REQUIREMENT: Without the images, print all the entries below exactly as given.

[Source data]
%%

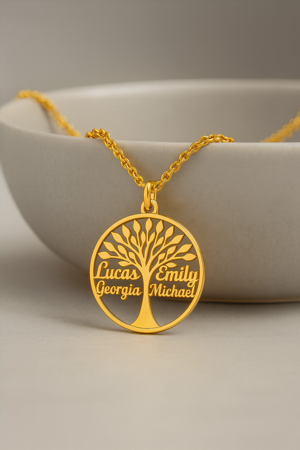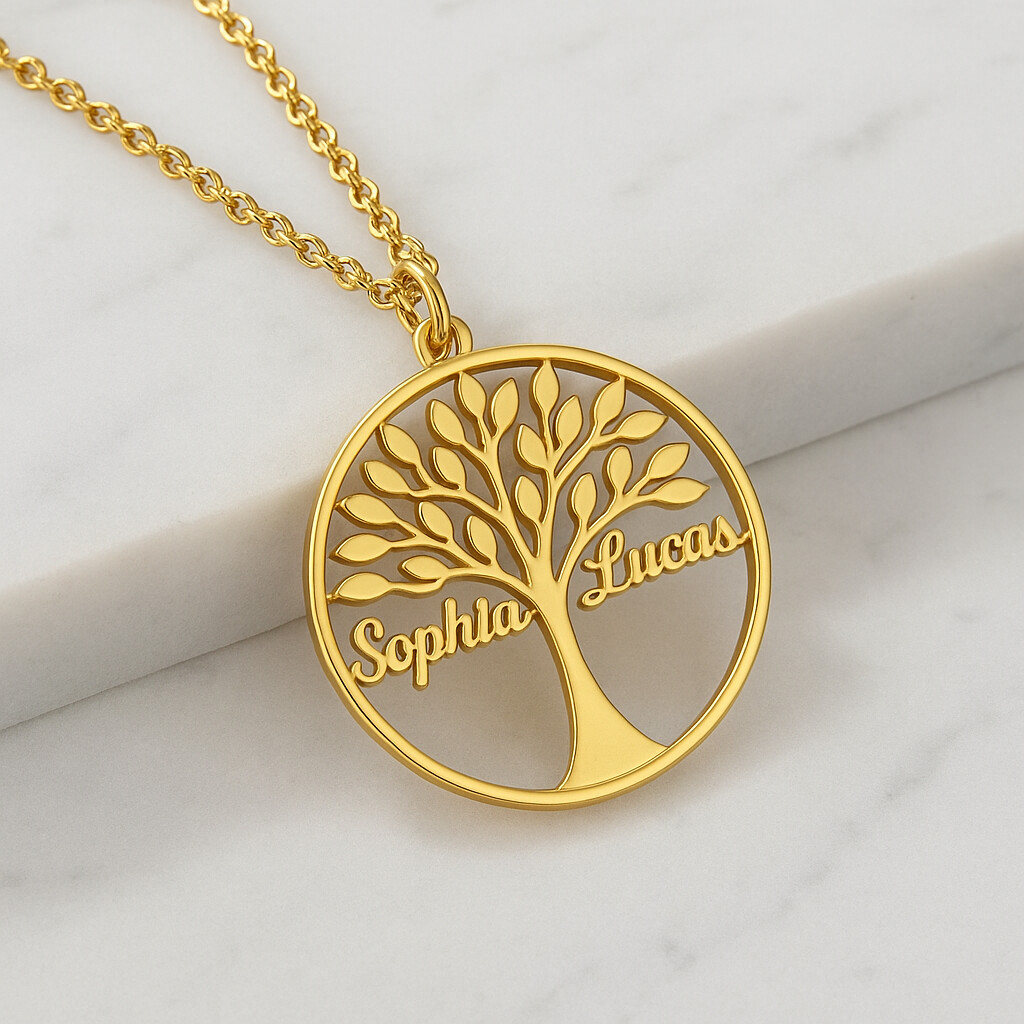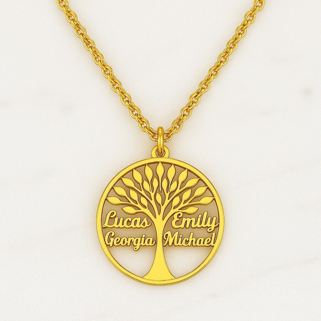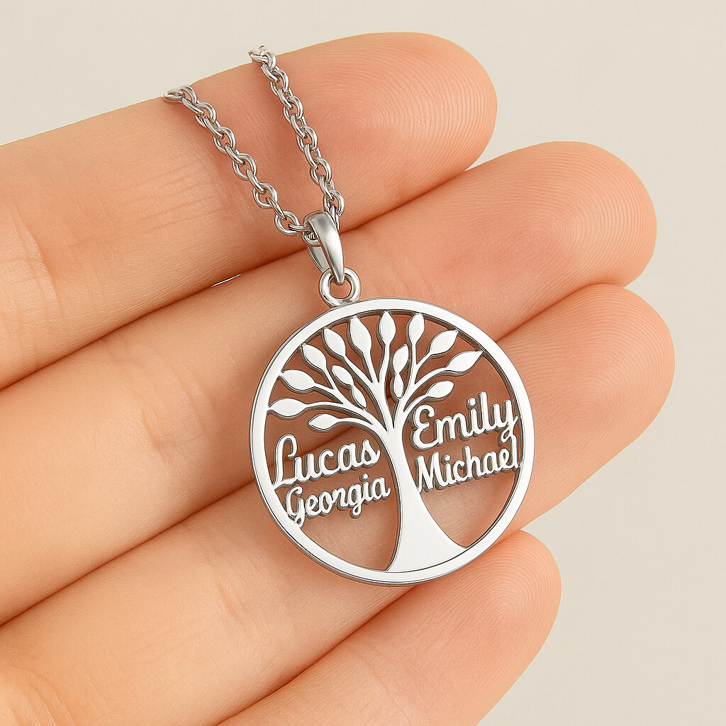 Der Lebensbaum steht für Wachstum, Kraft und die unzertrennliche Verbindung zu den Menschen, die unser Herz berühren. Dieses einzigartige Schmuckstück wird mit Namen individuell gestaltet – jeder Name symbolisiert einen geliebten Menschen und erzählt seine ganz eigene Geschichte und vebindet dies mit Erinnerungen.
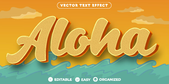 編集可能なハワイ フォント タイポグラフィ テンプレート テキスト効果スタイル レタリング ベクトル図Premiumベクトル素材。
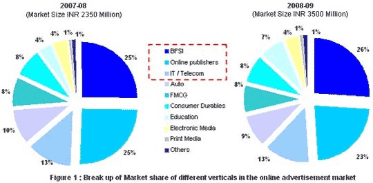 The study also revealed that BFSI, online industry and ITES with 25 per cent, 25 per cent and 13 per cent share are the leading advertisers in the online banner space in 2007/08. In 2008-09, the share of BFSI is expected to rise marginally to 26 per cent while the share of online companies is likely to come down to 23 per cent. Auto, FMCG, consumer durables and dducation are some of the leading sectoral advertisers in the online banner space.
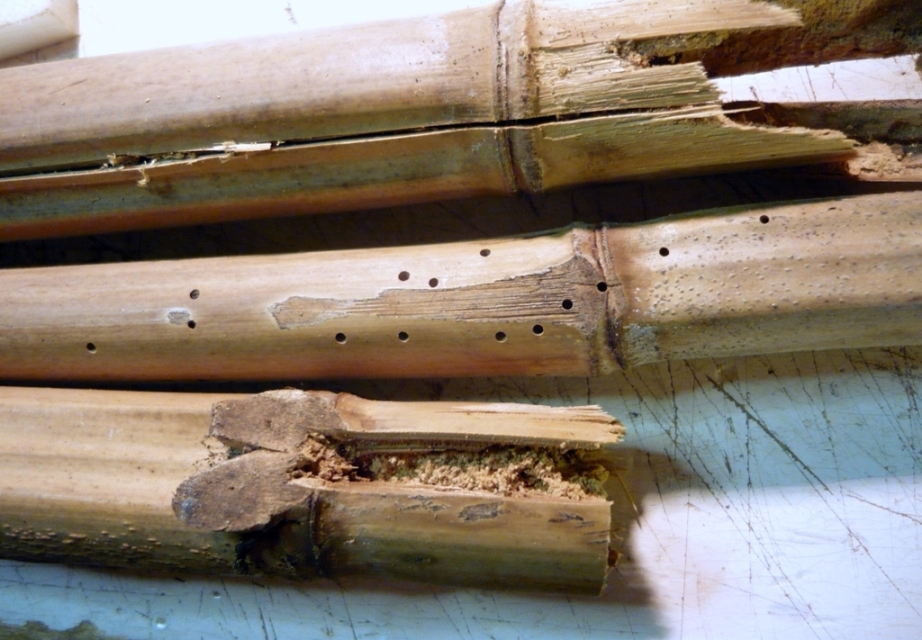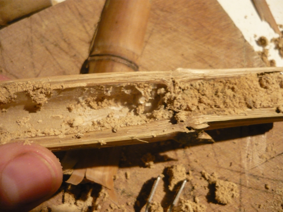 Edit: A larva di Chlorophorus annularis non danneggia a superficie interiore o esteriore della legna di bambù. A polvere resta in mezzo alla parete del bambù. Solo o adulto fa um foro con un margine sfrangiato.
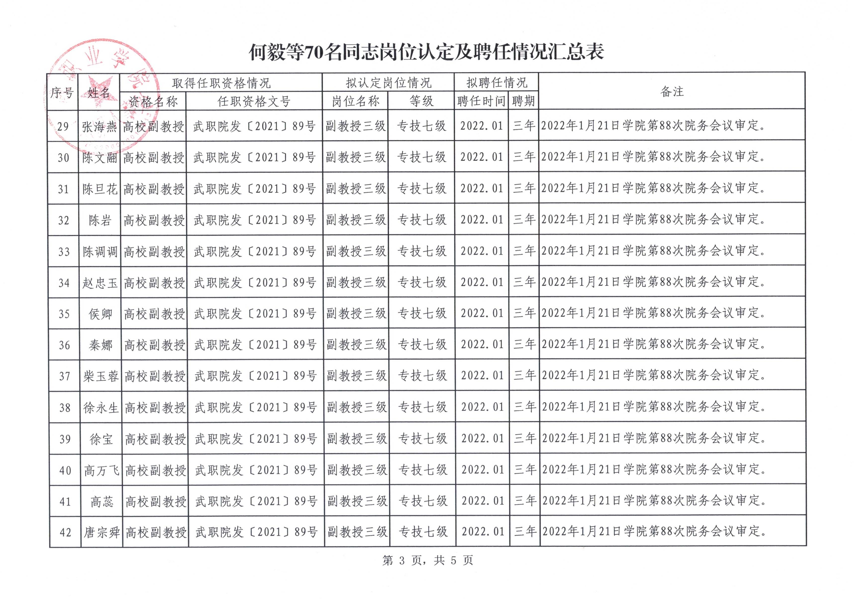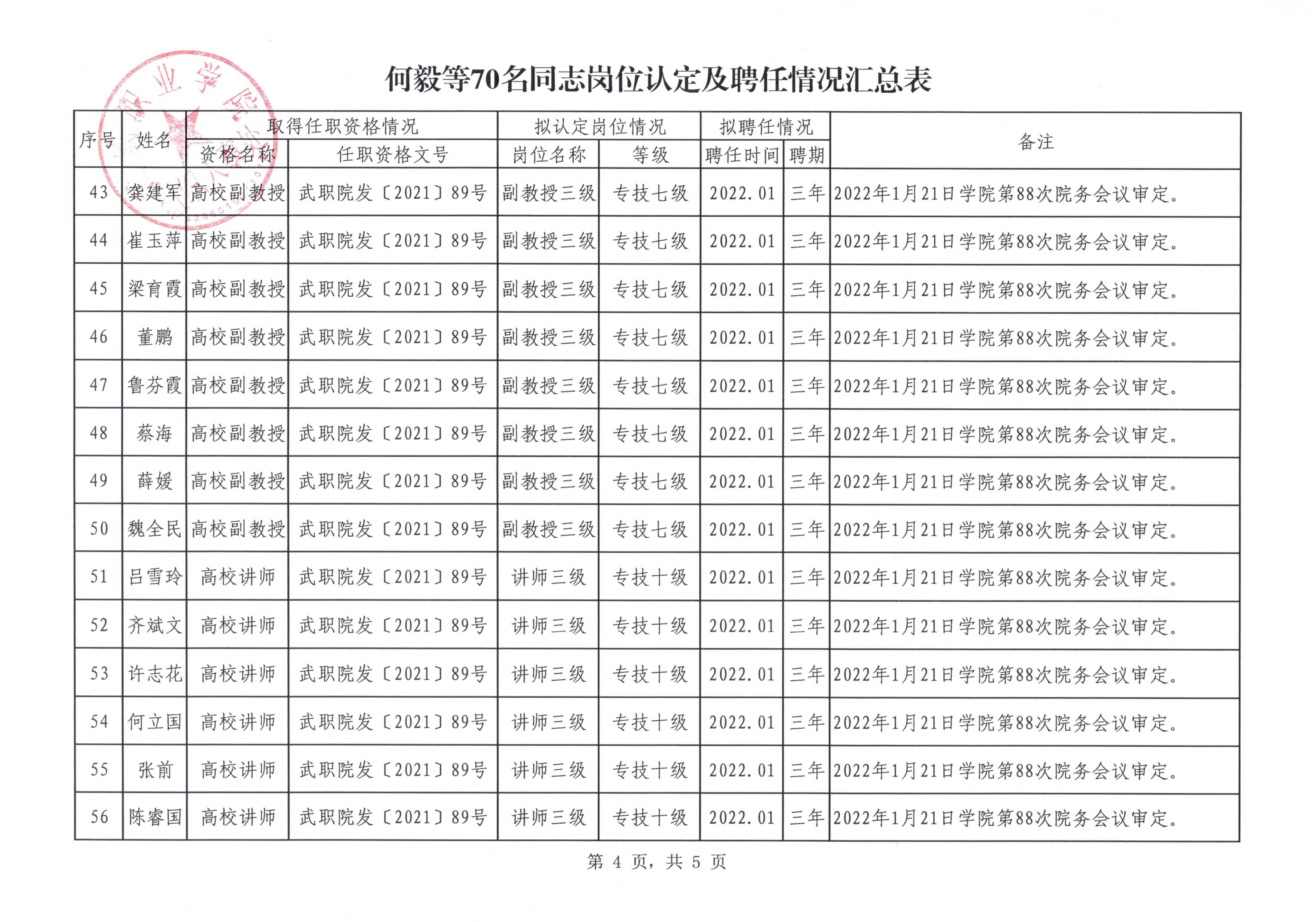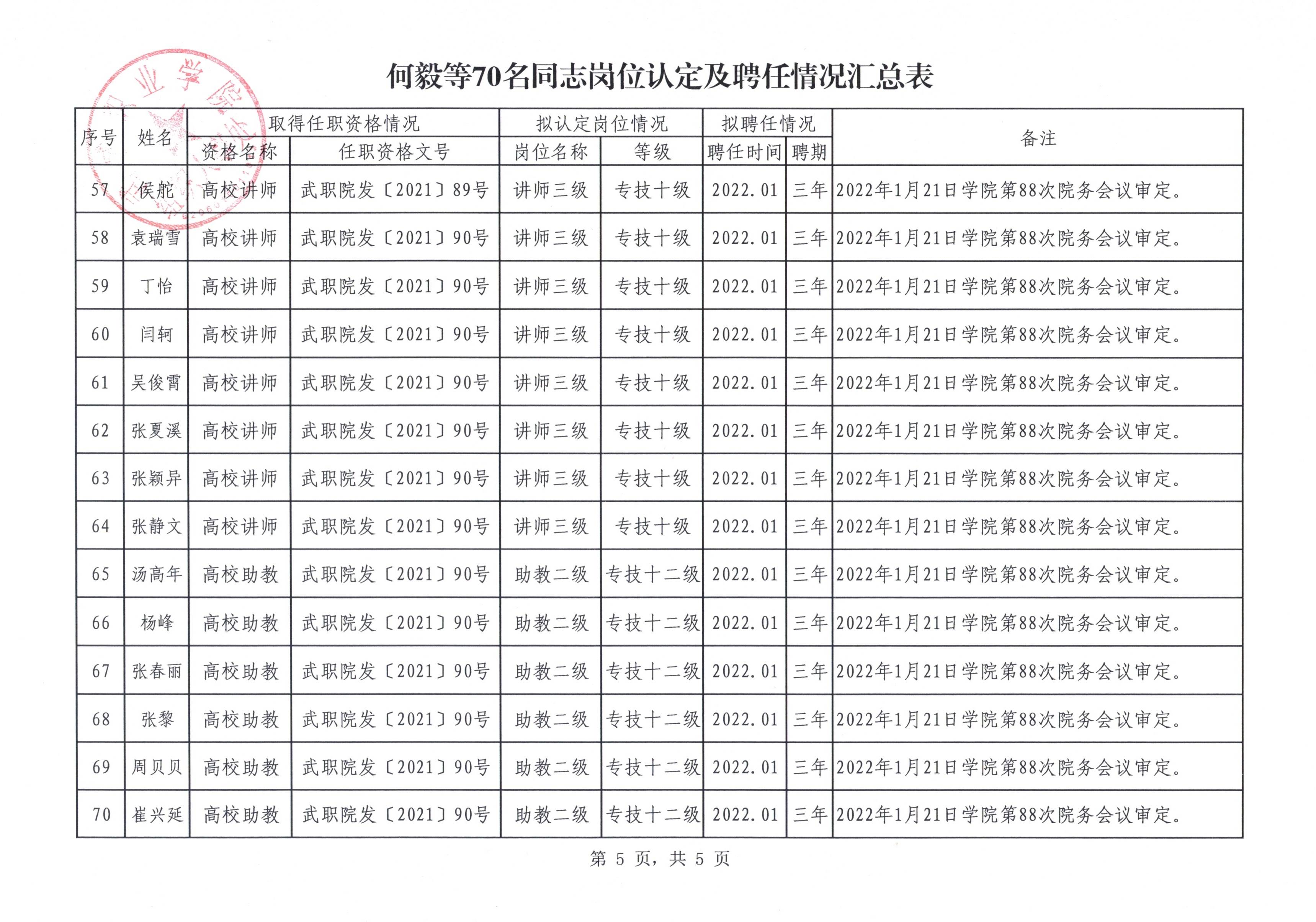 關(guān)于何毅等70名同志崗位認定結(jié)果及聘任情況的公示

%%

REPLY TO THE TASK:
 Der Lebensbaum steht für Wachstum, Kraft und die unzertrennliche Verbindung zu den Menschen, die unser Herz berühren. Dieses einzigartige Schmuckstück wird mit Namen individuell gestaltet – jeder Name symbolisiert einen geliebten Menschen und erzählt seine ganz eigene Geschichte und vebindet dies mit Erinnerungen.
 編集可能なハワイ フォント タイポグラフィ テンプレート テキスト効果スタイル レタリング ベクトル図Premiumベクトル素材。
 The study also revealed that BFSI, online industry and ITES with 25 per cent, 25 per cent and 13 per cent share are the leading advertisers in the online banner space in 2007/08. In 2008-09, the share of BFSI is expected to rise marginally to 26 per cent while the share of online companies is likely to come down to 23 per cent. Auto, FMCG, consumer durables and dducation are some of the leading sectoral advertisers in the online banner space.
 Edit: A larva di Chlorophorus annularis non danneggia a superficie interiore o esteriore della legna di bambù. A polvere resta in mezzo alla parete del bambù. Solo o adulto fa um foro con un margine sfrangiato.
 關(guān)于何毅等70名同志崗位認定結(jié)果及聘任情況的公示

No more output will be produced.